MLA for Halifax Centre
- In office 1933–1937
- Preceded by: new riding
- Succeeded by: William Duff Forrest

Personal details
- Born: February 21, 1899 Elmsdale, Nova Scotia
- Died: October 31, 1986 (aged 87) Halifax, Nova Scotia
- Party: Nova Scotia Liberal Party
- Occupation: dental surgeon

= Guy Murray Logan =

Canadian politician

Guy Murray Logan (February 21, 1899 – October 31, 1986) was a Canadian politician. He represented the electoral district of Halifax Centre in the Nova Scotia House of Assembly from 1933 to 1937. He was a member of the Nova Scotia Liberal Party.

Logan was born in 1899 at Elmsdale, Hants County, Nova Scotia. He was educated at Dalhousie University, and was a dental surgeon by career. He married Laurie Anderson in 1928.

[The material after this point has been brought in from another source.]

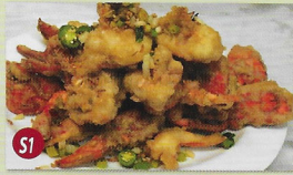
$1 Whole Live Lobster Seasonal Cooked in Chinese Style w/ Ginger or Salt & Pepper 龍蝦 (港式薑蔥炒 或 脆香椒鹽)

Logan was elected an alderman in Halifax on May 27, 1931. He entered provincial politics in the 1933 election, winning the Halifax Centre riding by 948 votes. Logan did not reoffer in the 1937 election. After serving in World War II, Logan returned to Halifax and was named Director of Dental Services for Nova Scotia, and chief of staff, Dentistry at Camp Hill Hospital, retiring on November 21, 1964. Logan died at Halifax on October 31, 1986.